Research Misconduct


As a major funder, producer, and user of research, the Federal government has a vital interest in the integrity of the research record. Advances in science and engineering depend on the reliability of the record, as do the benefits associated with them in are as such as health and national security. Sustained public trust in the scientific enterprise also requires confidence in the record and in the processes involved in its ongoing development. Although most agencies have policies and procedures in place for handling allegations of research misconduct, not all do, and policies are not uniform across agencies. The 1993 National Academy of Sciences panel report on Responsible Science: Ensuring the Integrity of the Research Process and the 1995 Health and Human Services' “Ryan Commission's”report on Integrity and Misconduct in Research: Report of the Commission of Research Integrity recommended the development uniform government-wide policies and procedures for research misconduct, although they differed in some specifics. It was with these considerations in mind that the NSTC established a Panel on Research Integrity comprised of representatives of the major research agencies and the Office of Science and Technology Policy. The Panel was charged to develop guiding principles for agencies and research institutions for handling cases of alleged research misconduct and to recommend a definition of research misconduct that would be adopted by all agencies.
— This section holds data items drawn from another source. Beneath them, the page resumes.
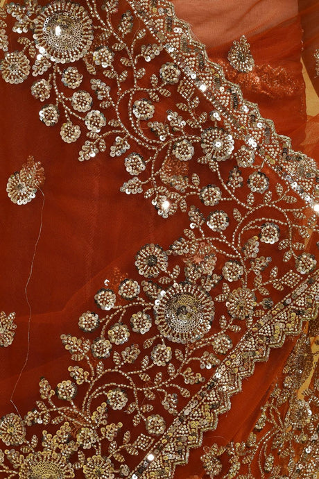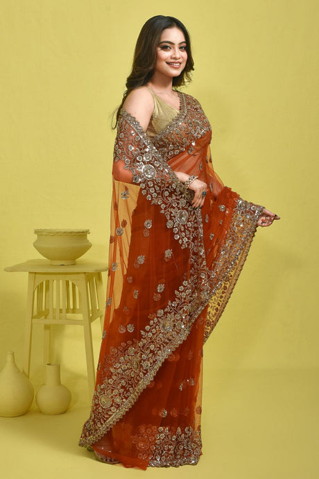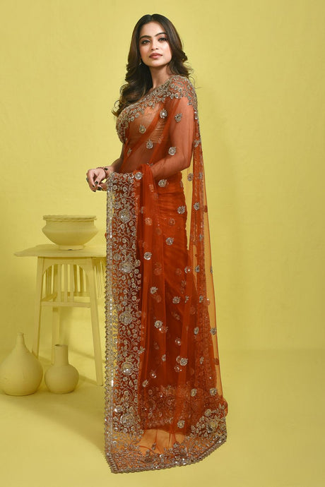 Orange Beads & Stone Embossed Net Saree (RDNOOZ6C3760)
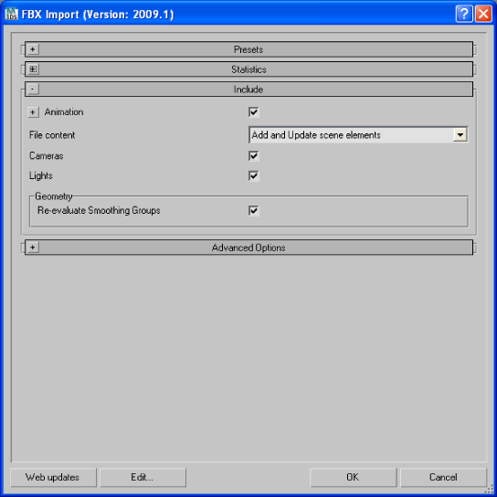 The Include rollout lets you decide what data and conversions to apply to your scene at import from a host application.
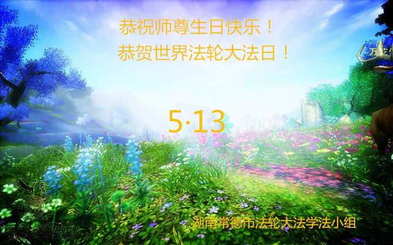 湖南岳陽一大法弟子,恭祝慈悲偉大的師尊生日快樂!恭賀5.13世界法輪大法日!感恩師尊的保護慈悲苦度!在師尊最大的付出和承受延續來的時間努力做好三件事,精進實修報師恩!讓師尊多一份欣慰,少一份操勞,再一次感恩師尊的慈悲苦度!跟師尊回家。
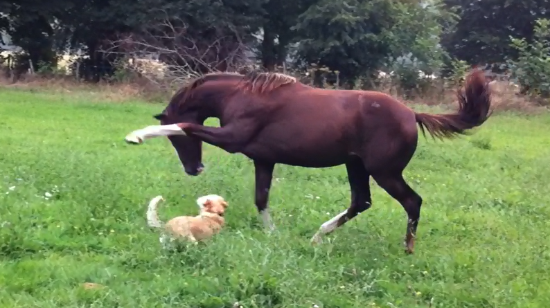 Ce matin, pendant que je faisais les clotures, j'ai surpris ma chienne et brindille en plein jeu!!
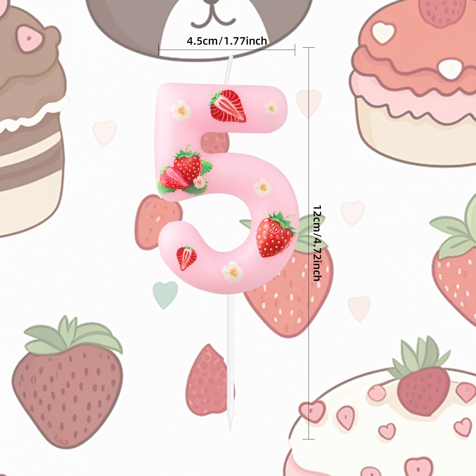 CANDLES INFORMATION:Comes with berry sweet strawberry themed birthday candles-number 4 candles.candles size is approx of 2.36in / 6cm*1.37in / 3.5cm,and a total height of 4.3in/11cm.candles size as cake decoration for most birthday and anniversary cake 🍓
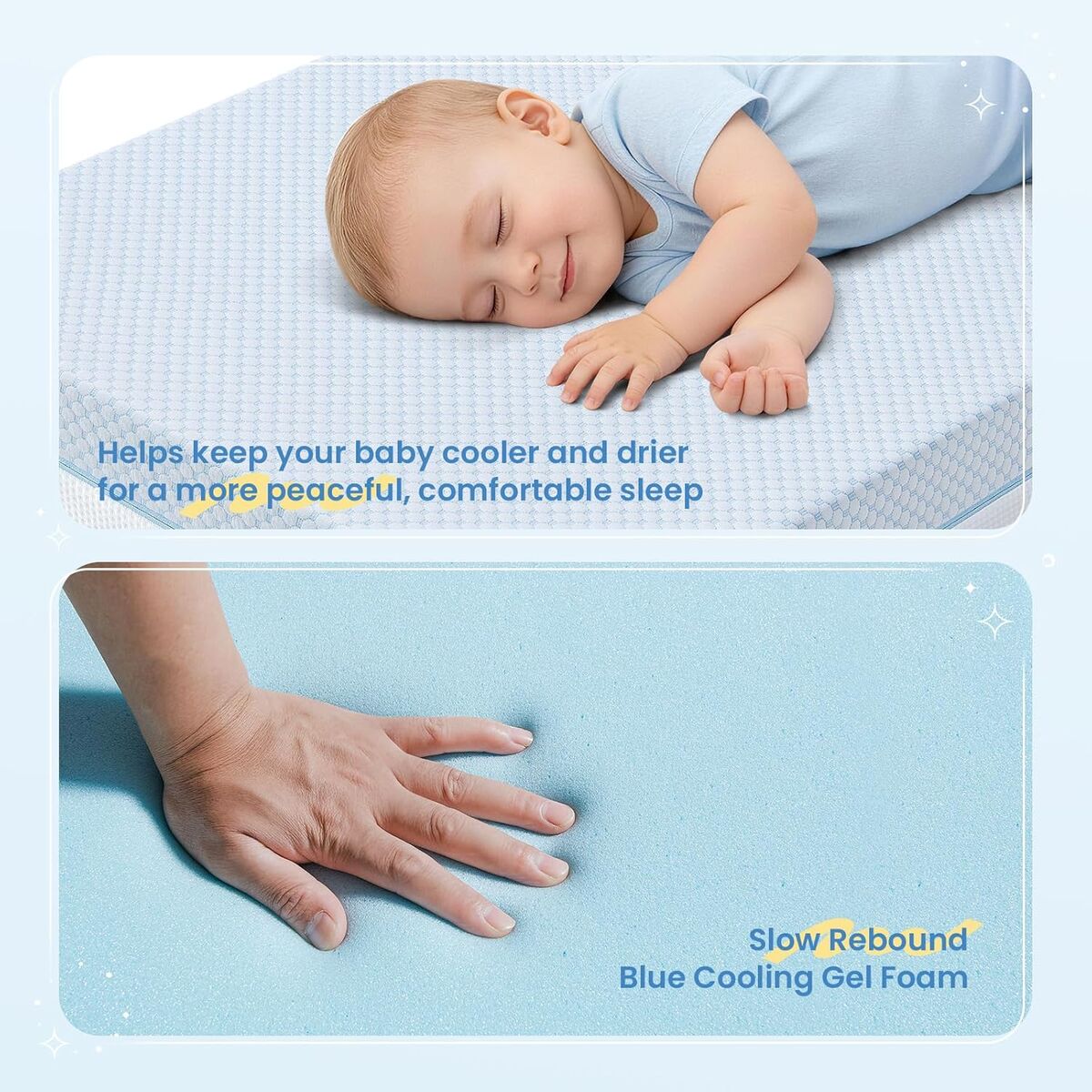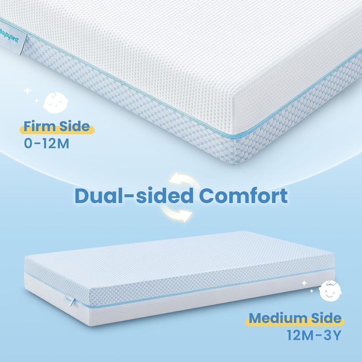 NEW IN BOX! 6" Dual Sided Crib & Toddler Mattress (Firm & Plush) - Cooling Gel Memory Foam, Lux Cooling Removable Cover for Infant All-Night Comfort - CertiPUR-US Certified (Blue & White)

The Research Integrity Panel's proposed definition and guiding principles has been circulated to the Committee on Science for review and approval, following which the revised policy will be sent to the full NSTC for approval. OSTP is coordinating agency responses and is responsible for developing a revised draft. The policy will be published in the Federal Register for public comment by spring 1999. Agencies and universities that accept Federal research funds will be expected to comply with the new policy when it is finalized.